CONTEXTUAL RESEARCH WEEK 7 (How do you learn?)
7th November 2019
In June 2019 I started my MA with Falmouth university as part of an accredited education programme.
Today I took my daughter for a hospital appointment. She was asked by the doctor , in a blasé way (tagged on to the conversation about something that was actually very important I will not discuss here), How do you learn? What do you do? Who teaches you? Is your mum clever? Do you have someone come in to help? What about your social circle? Do you have friends? Do you still see friends? Do you have many friends?
It went on.
A very lovely, smiley man. It was fine. I was fine with the questions. I was caught in a moment off guard, wasn’t bothered by the questions, because all is good. I am intelligent. My daughter does have friends. She learns lots of things. Whatever happened to are you happy? Do you have fun? How do you play ? What do you like to play? What are you favourite things? Whats your favourite band? Wheres your favourite place on earth to be ? Who are favourite people in the world to be with?
He spent very nearly as much time asking her about her education as he did discussing the medical issue we went there for.
When we left she said ” I HATE THAT.” “What?” I asked …. “What does that have to do with ********** ?” (medical reason we went) . “Nothing at all I said.” “You know, if you ever aren’t comfortable with a question like that, you can say ….. as long as you say it politely ….. I’m sorry , I really don’t understand what that has to do with my ********* ? ” “You don’t ever have to answer something like that if you are not comfortable, or just don’t want too. It’s ok to say no. Or look to me, and I will say no for you . I am sorry. “
I failed my daughter. Not because I didn’t do maths with her today.

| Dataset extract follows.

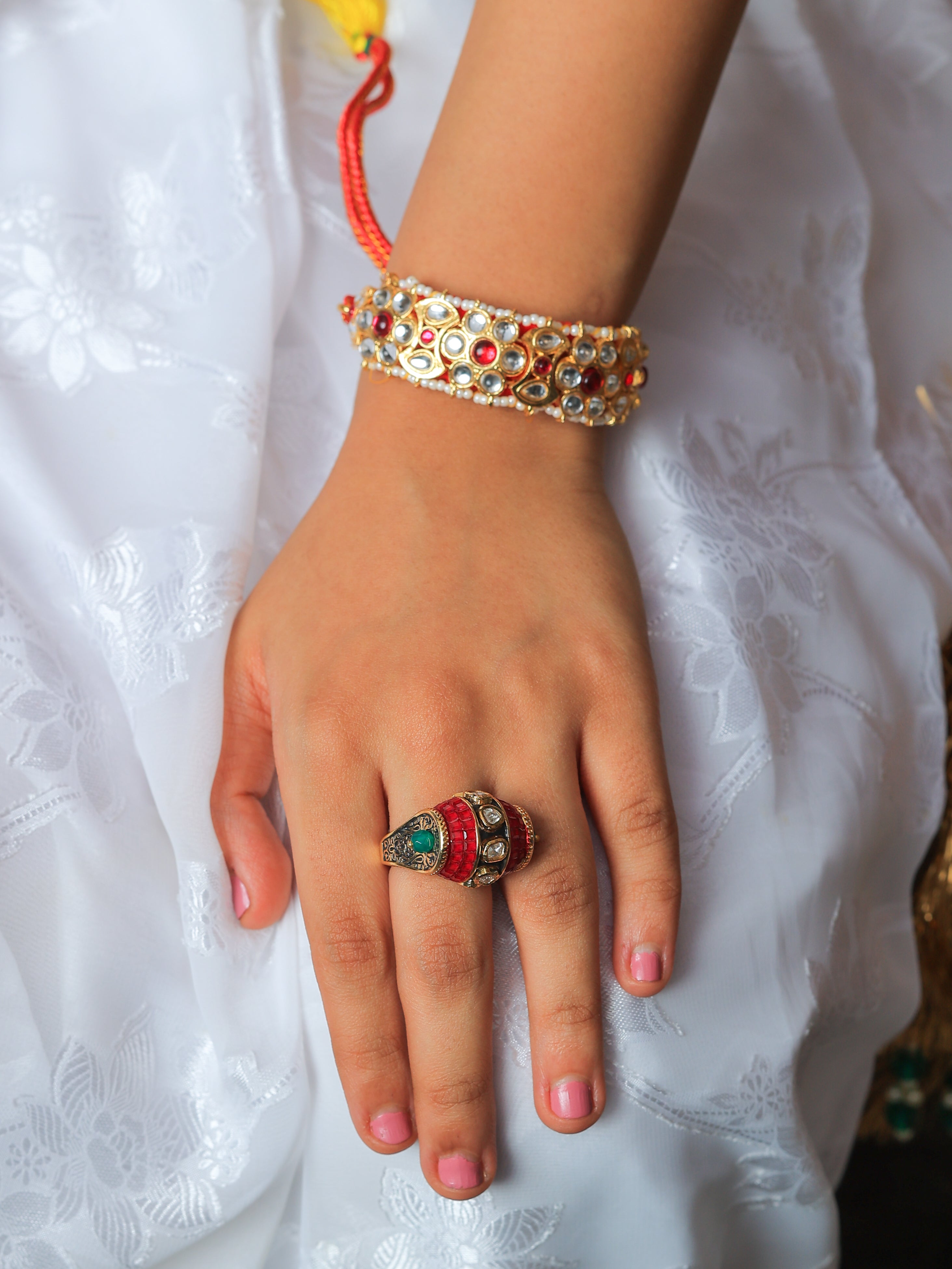 Elevate your traditional look with this majestic Shiva Kundan ring, crafted in high-quality brass alloy to beautifully mimic the elegance of real jewellery. Featuring a bold design with rich ruby and green stones, this piece captures the essence of heritage and devotion with a royal twist.

But because I sat in a room with her and let someone interrogate her. I apologised to her, explained I hadn’t seen her hesitation, and said I would watch more closely next time, and then gave her tools for if we ever come across that again (we will !) , or if it happens and I am not there, she knows how to deal with the situation in a way that is healthier for her.
“How do you learn?” they ask …. like this I say.
Following on from this encounter I am going to add a section to my questionnaire I am producing for project participants asking them and their children what questions like this they have been asked, or things that have been said to them. This could lead on to a very interesting sub thread of the project.